Während Moqtada el-Sadr seine Vision einer Führung durch eine nationale Mehrheit bekräftigte, erklärten die anderen Parteien, man habe sich darauf geeinigt, den nächsten Premierminister im Konsens auszuwählen. Unterschiedliche Echos, aber nicht unbedingt widersprüchlich. Denn bereits im Vorfeld der Wahlen hatte Sadr seine Aussage, der nächste Regierungschef müsse aus seinen Reihen kommen, widerrufen.

Mehrere Quellen berichteten damals übereinstimmend von einem Deal zwischen ihm und dem "Unabhängigen" Kazimi. Der eine würde den anderen unterstützen, damit dieser im Amt bleibt, während der andere im Gegenzug auf eine Kandidatur bei den Wahlen verzichten sollte.

Lesen Sie auch
Im Irak: Das Gespenst des innerschiitischen Krieges

Moqtada el-Sadr mag heute der mächtigste Protagonist sein und über beträchtliche wirtschaftliche, politische und militärische Ressourcen verfügen, doch der Ball liegt nicht vollständig in seinem Feld.
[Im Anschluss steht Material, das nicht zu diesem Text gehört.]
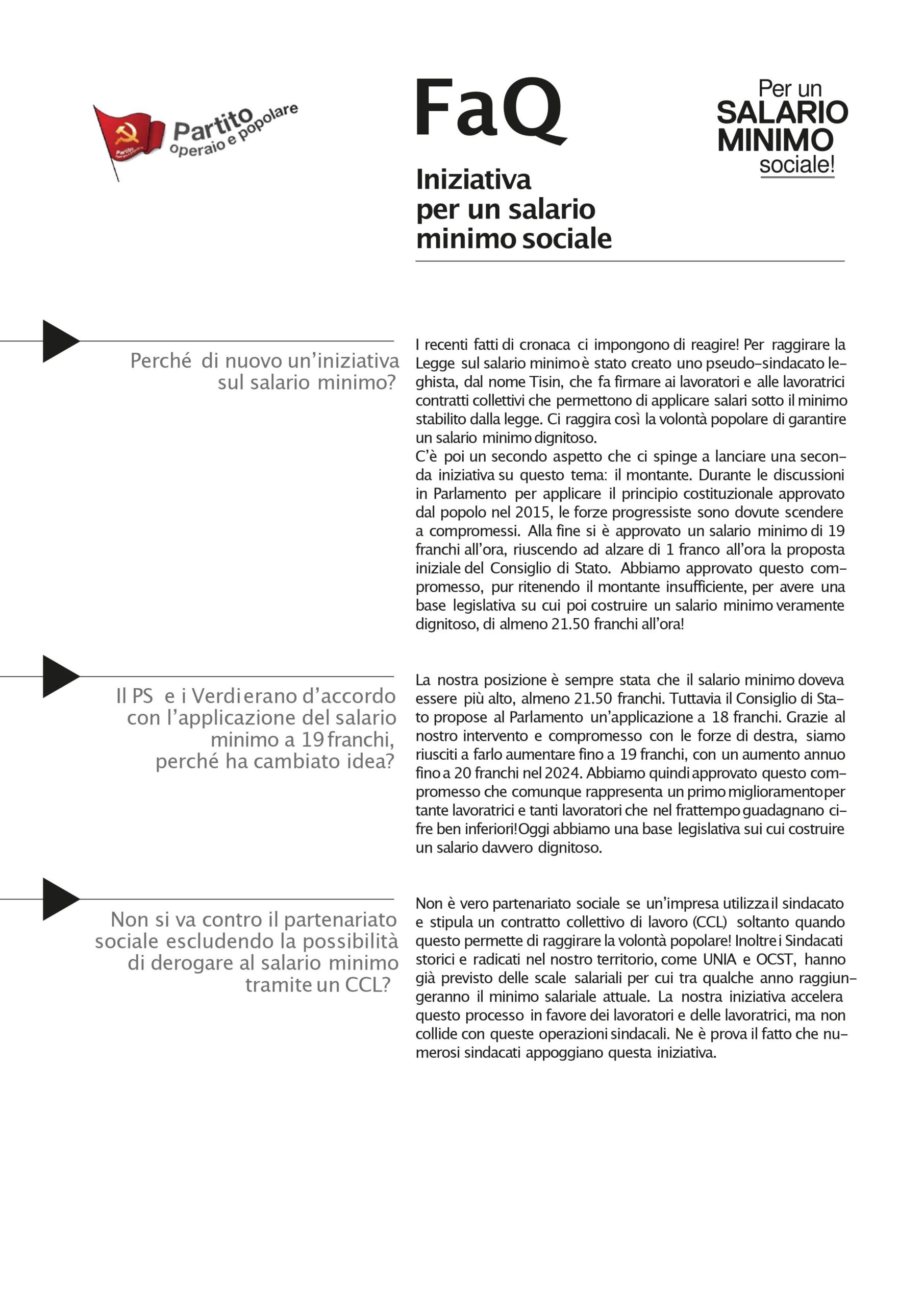 ll POP è promotore dell’iniziativa costituzionale per un salario minimo sociale.

Die Fateh-Allianz, die ebenfalls über einen gewissen Handlungsspielraum verfügt, kann beschließen, die Eskalation auf der Straße fortzusetzen oder das Prinzip der Verhandlungen zu akzeptieren, wie es das Treffen am Donnerstag zu signalisieren schien. Der unberechenbare Kleriker kann seinen Weg zur Bildung einer Mehrheitsregierung fortsetzen, geht damit aber das Risiko einer Niederlage ein, wenn es seinen Rivalen gelingt, ihn zu überholen, indem sie ihre Reihen vereinen und die Unterstützung eines Teils der Unabhängigen gewinnen, auch wenn dieses Szenario unwahrscheinlich ist. Oder sich für Kontinuität entscheiden.

"Es wird eine Art Konsensregierung geben, in der die Parteien Anteile an verschiedenen öffentlichen Ämtern haben werden", so Shakeri. "Es werden öffentliche und private Gespräche zwischen Politikern beobachtet, um die "Anteile" in der nächsten Regierung aufzuteilen, bevor der formelle Prozess beginnt." Ziel sei es, eine Lösung zu finden, "die alle politischen Eliten zufriedenstellt", sowohl die Sieger als auch die Besiegten.

Der einzige Lichtblick in dem Versuch, diesen ewigen Neuanfängen entgegenzuwirken, ist der Durchbruch der Emtidad-Bewegung, die aus der Oktober-Intifada hervorgegangen ist, sowie einiger anderer Unabhängiger, die fest entschlossen sind, sich der Opposition gegen die traditionellen Parteien anzuschließen.